Not all discrimination stems from racial hatred or religious bigotry. Sometimes this presumption gets in the way of progress. We still typically understand racism in terms of racial superiority.

For example, the Oxford English Dictionary defines racism as ‘prejudice, discrimination, or antagonism directed against someone of a different race based on the belief that one’s own race is superior’. A second definition says that racism is ‘the belief that all members of each race possess characteristics, abilities, or qualities specific to that race, especially so as to distinguish it as inferior or superior to another race or races’.[17]

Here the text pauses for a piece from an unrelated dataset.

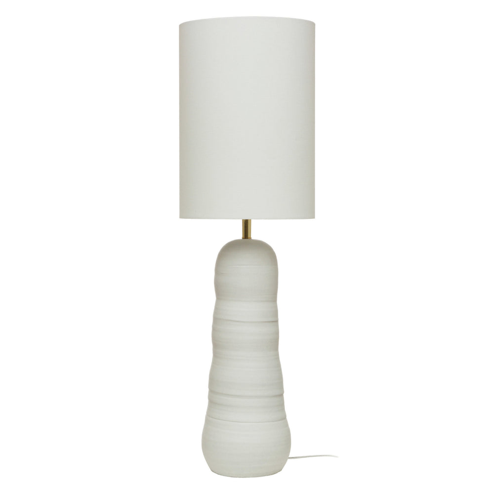 This stoneware floor or table lamp has a soft white reactive glaze finish and a tall white linen shade. It adds a bright and clean touch to nightstands, entry tables, console tables, or side tables. It works flawlessly with many styles, so the possibilities are endless.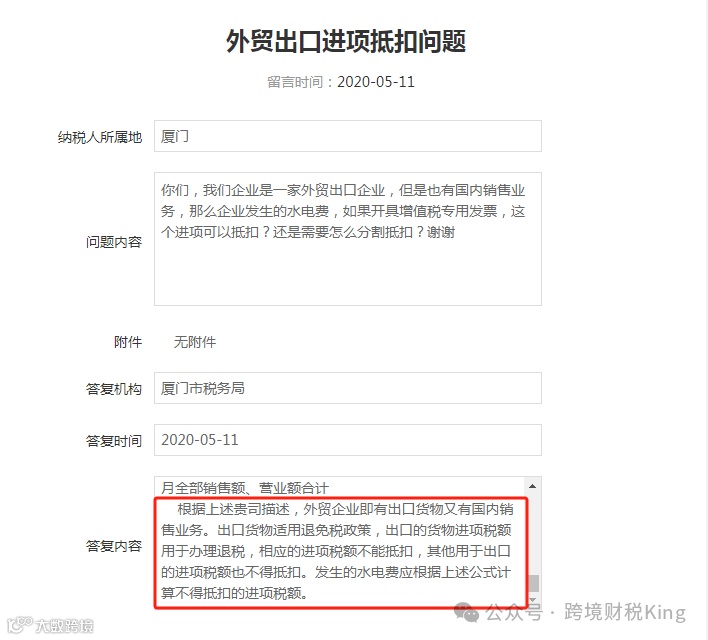 兼营内外销企业:出口业务对应的国内运输费用进项税不可抵扣;其他共用费用(如租金、水电)需按比例划分不得抵扣的进项税额,计算公式如下:

What is striking about these definitions is the emphasis they place on a belief in racial superiority. Let me explain why this is a limited way of understanding racism.

For one thing, the dictionary definition of racism can’t account for things such as unconscious bias. Prejudice doesn’t have to take overt expression, but exist in more insidious forms.

For another thing, it also can’t account for casual racism – those instances where people make an off-colour racial joke or say things that exclude people racially. Such instances, which most of us would regard as implicating a form of racism, doesn’t require the person saying it to be waving around a membership card of the Ku Klux Klan.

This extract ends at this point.